Taalwetenschappers beschrijven wat er binnen de taal gebeurt zonder een oordeel te vellen over de correctheid daarvan. Taalwetenschappers schrijven de regels niet voor, maar bestuderen uiteraard wel wat mensen met die regels doen. Het ontstaan en gebruik van de verschillende schriften op de wereld en hoe spellingfouten bij kinderen op dieperliggende taalproblemen kunnen wijzen, zijn daardoor wel onderwerp van studie.
Raakvlakken
Een combinatie van algemene taalwetenschap en andere vakgebieden levert een aantal kruisgebieden op:
- Geschiedenis: historische taalwetenschap Onderzoekt taalverandering door de tijd en het ontstaan van taal.
- Informatica: computationele taalkunde computers natuurlijke taal laten begrijpen, vertalen, voorlezen of produceren.
- Medicijnen: neurolinguïstiek De studie van hersenactiviteit tijdens taalverwerking.

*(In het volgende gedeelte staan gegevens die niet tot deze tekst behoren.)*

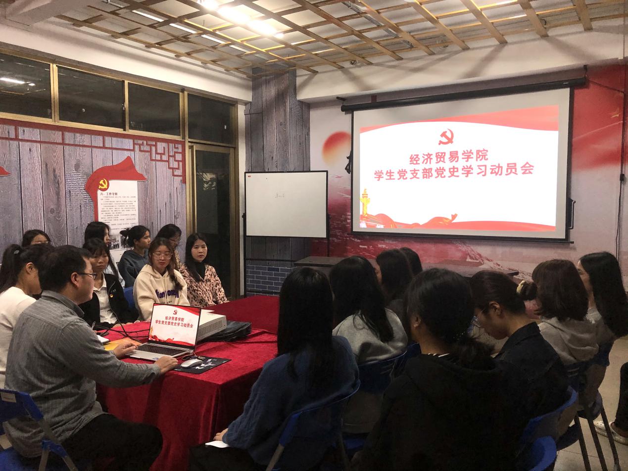 为了深入学习贯彻习近平总书记在党史学习教育动员大会上的重要讲话精神,认真落实广东省委、省委教育工委对全省(教育系统)党史学习教育的动员和全面部署,3月10日晚19:00,经济贸易学院学生党支部在宿舍楼1栋红色之旅讲习所开展了党章学习教育动员大会,动员支部党员切实做到学党史、悟思想、办实事、开新局,不忘初心,奋力拼搏,以优异成绩献礼建党100周年,并开展学习党史第一课党史故事100讲中的《南昌起义 八七定向》。此次会议由学生第三党支部书记陶智祥主持,学生第二党支部书记陈晓艳、在校生党员出席会议。

Hierbij worden de hersenen direct bekeken d.m.v. geavanceerde technieken zoals PET-scans en MRI.
- Psychologie: psycholinguïstiek De studie van de hersenprocessen die een rol spelen bij taal. Het gaat hier om de theorie achter taalprocessen als begrijpen, een gedachte uitspreken, woordopslag, grammatica toepassen, enz.
- Sociologie: sociolinguïstiek Onderzoekt hoe taal beïnvloed wordt door sociale factoren zoals geslacht, leeftijd, opleidingsniveau, etc. (zowel voor een individu als voor groepen).